- _ENTRIES PROVIDED_:
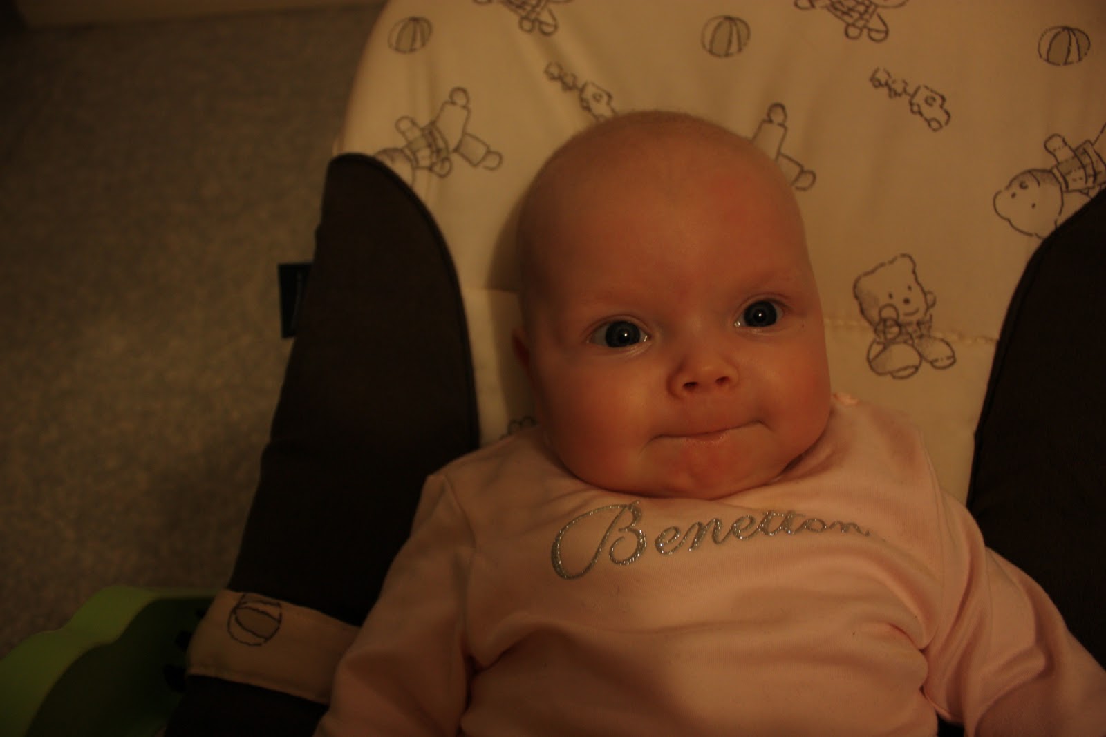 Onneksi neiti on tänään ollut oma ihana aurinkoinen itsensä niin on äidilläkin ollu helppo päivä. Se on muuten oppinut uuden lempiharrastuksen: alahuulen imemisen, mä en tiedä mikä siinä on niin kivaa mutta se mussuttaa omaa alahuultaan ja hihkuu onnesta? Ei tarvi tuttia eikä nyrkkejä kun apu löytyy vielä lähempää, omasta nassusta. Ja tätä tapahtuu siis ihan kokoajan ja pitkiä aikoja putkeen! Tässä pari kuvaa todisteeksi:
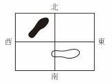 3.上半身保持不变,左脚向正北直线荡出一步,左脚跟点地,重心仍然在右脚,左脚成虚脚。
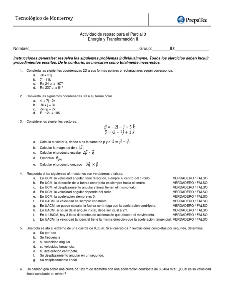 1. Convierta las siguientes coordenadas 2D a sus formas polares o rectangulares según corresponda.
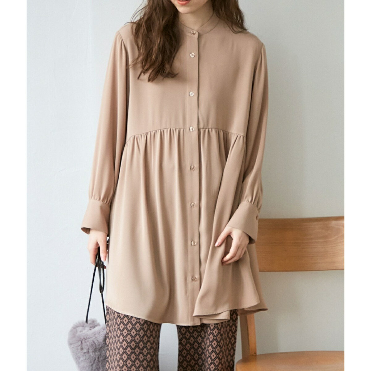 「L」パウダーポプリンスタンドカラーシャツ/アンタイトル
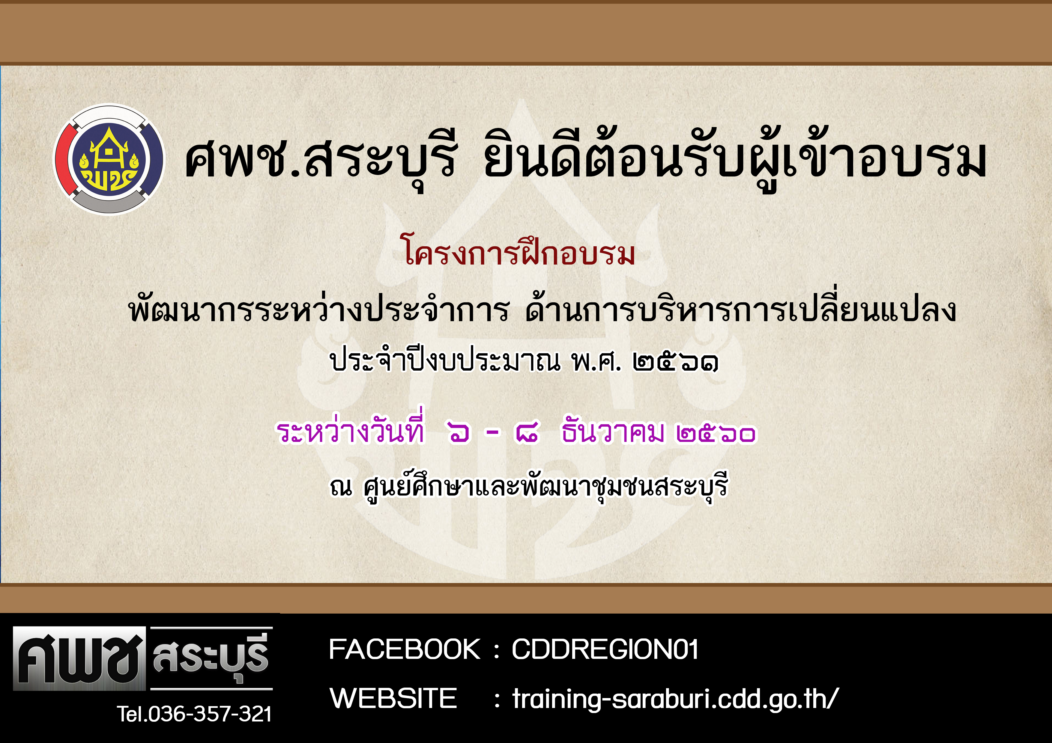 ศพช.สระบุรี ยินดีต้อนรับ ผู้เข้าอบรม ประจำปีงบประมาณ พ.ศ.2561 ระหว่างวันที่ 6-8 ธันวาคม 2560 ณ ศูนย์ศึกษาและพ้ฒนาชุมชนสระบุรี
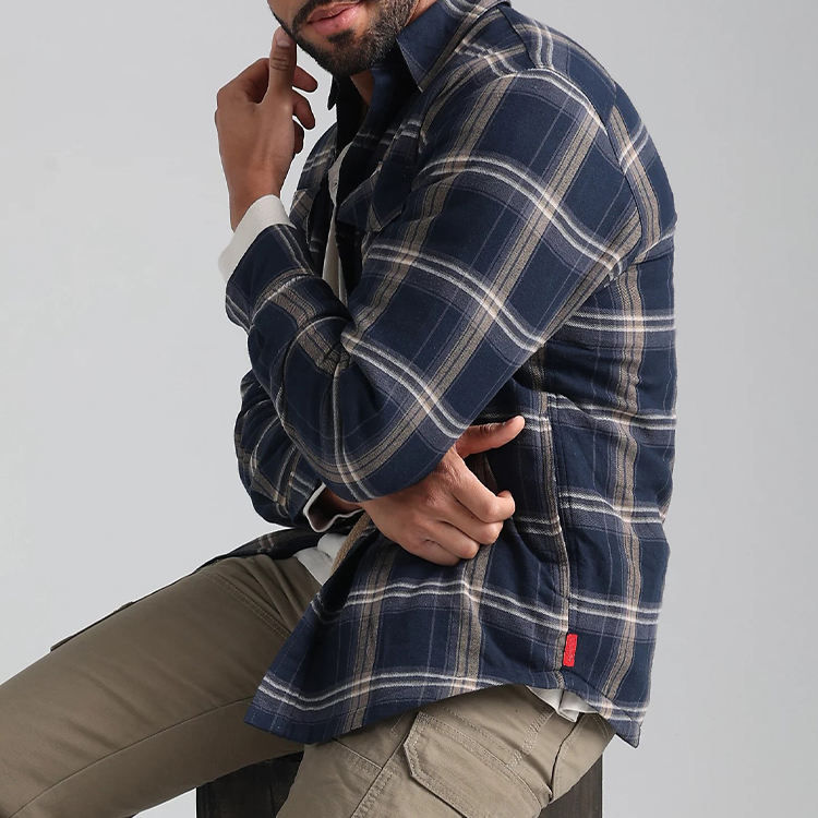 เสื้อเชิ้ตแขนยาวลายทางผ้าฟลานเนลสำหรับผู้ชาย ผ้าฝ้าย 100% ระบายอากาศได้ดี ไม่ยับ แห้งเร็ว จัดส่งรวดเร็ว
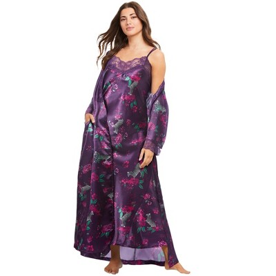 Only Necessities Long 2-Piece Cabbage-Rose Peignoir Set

* * *

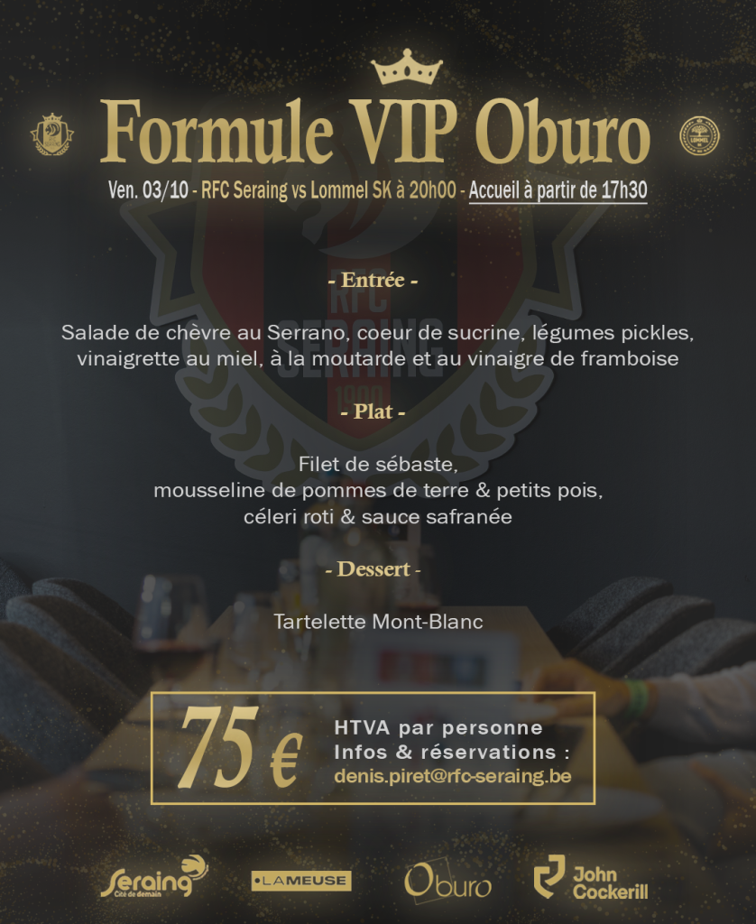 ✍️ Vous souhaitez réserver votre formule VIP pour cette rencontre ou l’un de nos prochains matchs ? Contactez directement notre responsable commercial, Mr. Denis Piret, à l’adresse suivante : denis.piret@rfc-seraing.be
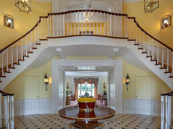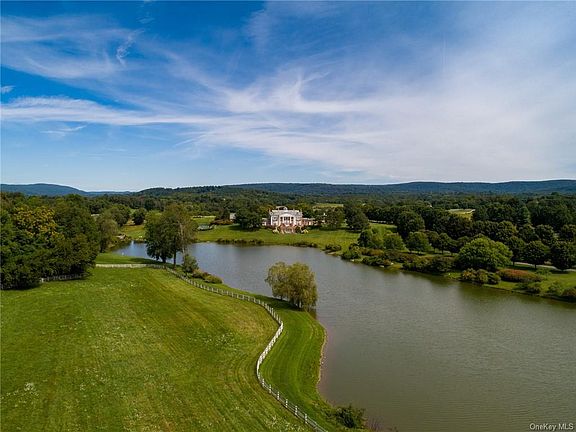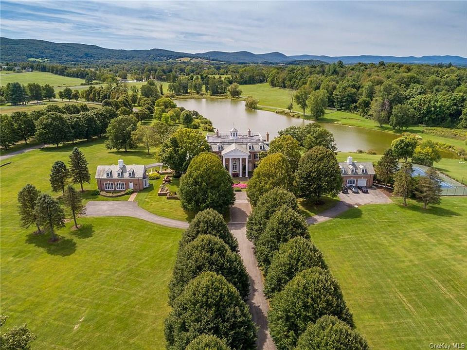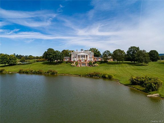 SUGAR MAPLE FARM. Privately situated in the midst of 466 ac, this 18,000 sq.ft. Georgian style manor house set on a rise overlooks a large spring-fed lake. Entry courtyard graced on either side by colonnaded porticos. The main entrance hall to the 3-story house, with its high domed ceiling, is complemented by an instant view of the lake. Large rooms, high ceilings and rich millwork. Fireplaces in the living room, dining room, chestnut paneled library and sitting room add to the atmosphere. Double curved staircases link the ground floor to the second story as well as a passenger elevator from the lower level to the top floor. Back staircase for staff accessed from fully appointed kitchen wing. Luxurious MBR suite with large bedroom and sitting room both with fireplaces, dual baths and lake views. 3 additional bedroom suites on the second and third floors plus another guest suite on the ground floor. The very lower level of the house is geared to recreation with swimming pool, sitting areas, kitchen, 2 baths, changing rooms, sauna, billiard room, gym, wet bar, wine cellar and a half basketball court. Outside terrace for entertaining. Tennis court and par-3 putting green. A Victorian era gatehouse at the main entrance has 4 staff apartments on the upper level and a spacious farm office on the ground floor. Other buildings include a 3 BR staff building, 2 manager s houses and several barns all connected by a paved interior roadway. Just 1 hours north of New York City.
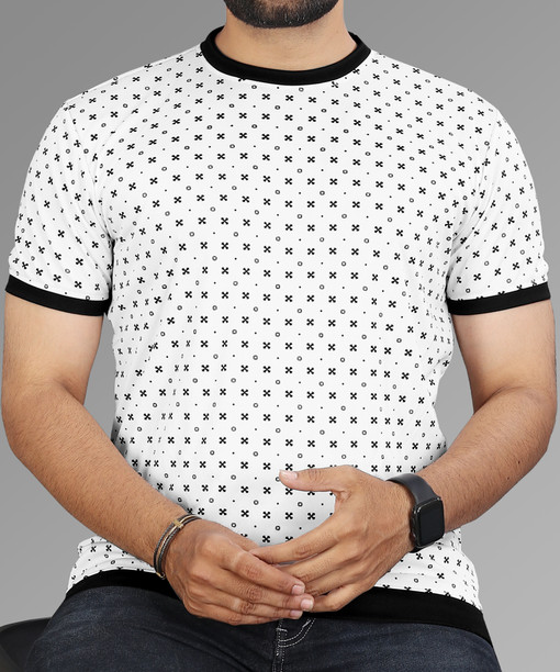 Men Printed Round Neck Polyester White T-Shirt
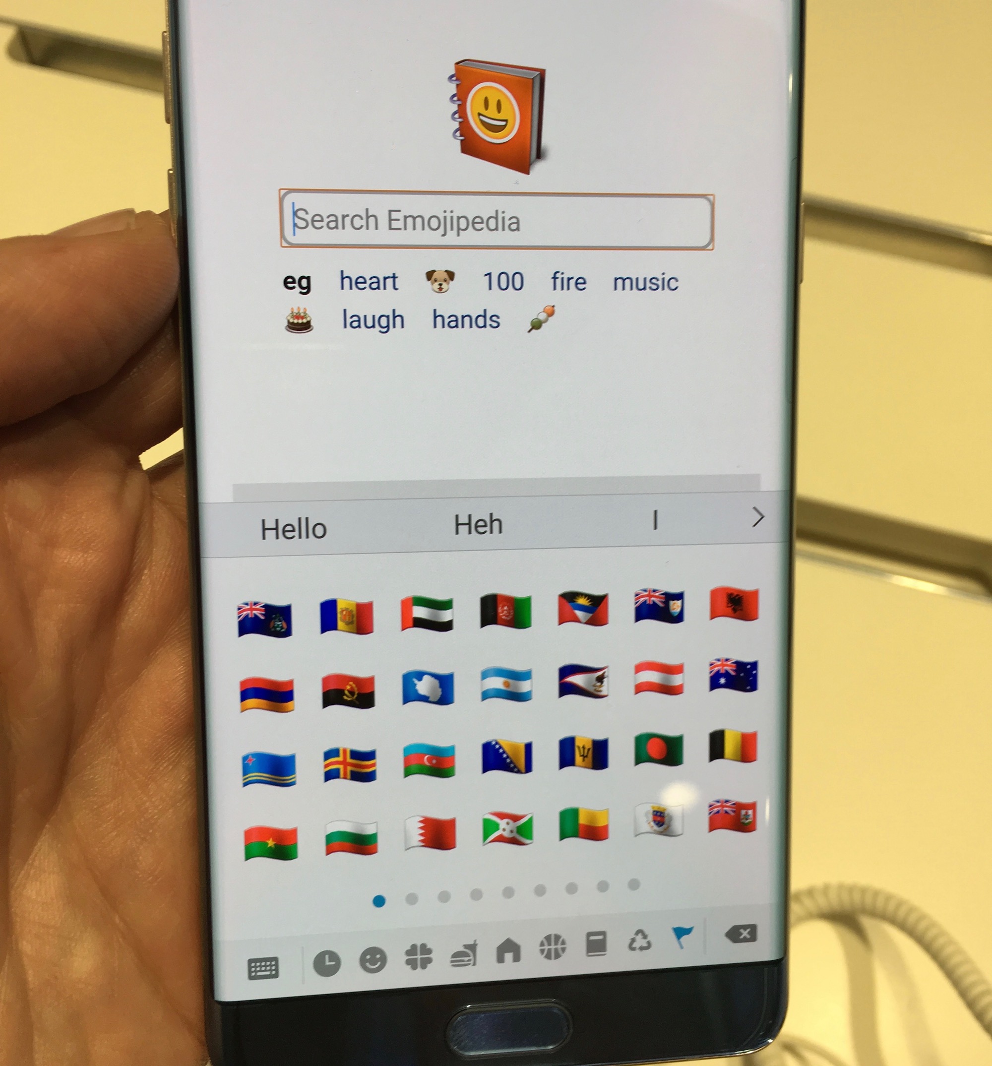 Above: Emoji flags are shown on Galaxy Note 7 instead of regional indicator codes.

- _PROBLEM STATEMENT_:
Look above for the line with "Onneksi neiti on" and copy exactly from it through the line with "Only Necessities Long", both included. Omit the pictures.

- _ANSWER SPACE_:
 Onneksi neiti on tänään ollut oma ihana aurinkoinen itsensä niin on äidilläkin ollu helppo päivä. Se on muuten oppinut uuden lempiharrastuksen: alahuulen imemisen, mä en tiedä mikä siinä on niin kivaa mutta se mussuttaa omaa alahuultaan ja hihkuu onnesta? Ei tarvi tuttia eikä nyrkkejä kun apu löytyy vielä lähempää, omasta nassusta. Ja tätä tapahtuu siis ihan kokoajan ja pitkiä aikoja putkeen! Tässä pari kuvaa todisteeksi:
 3.上半身保持不变,左脚向正北直线荡出一步,左脚跟点地,重心仍然在右脚,左脚成虚脚。
 1. Convierta las siguientes coordenadas 2D a sus formas polares o rectangulares según corresponda.
 「L」パウダーポプリンスタンドカラーシャツ/アンタイトル
 ศพช.สระบุรี ยินดีต้อนรับ ผู้เข้าอบรม ประจำปีงบประมาณ พ.ศ.2561 ระหว่างวันที่ 6-8 ธันวาคม 2560 ณ ศูนย์ศึกษาและพ้ฒนาชุมชนสระบุรี
 เสื้อเชิ้ตแขนยาวลายทางผ้าฟลานเนลสำหรับผู้ชาย ผ้าฝ้าย 100% ระบายอากาศได้ดี ไม่ยับ แห้งเร็ว จัดส่งรวดเร็ว
 Only Necessities Long 2-Piece Cabbage-Rose Peignoir Set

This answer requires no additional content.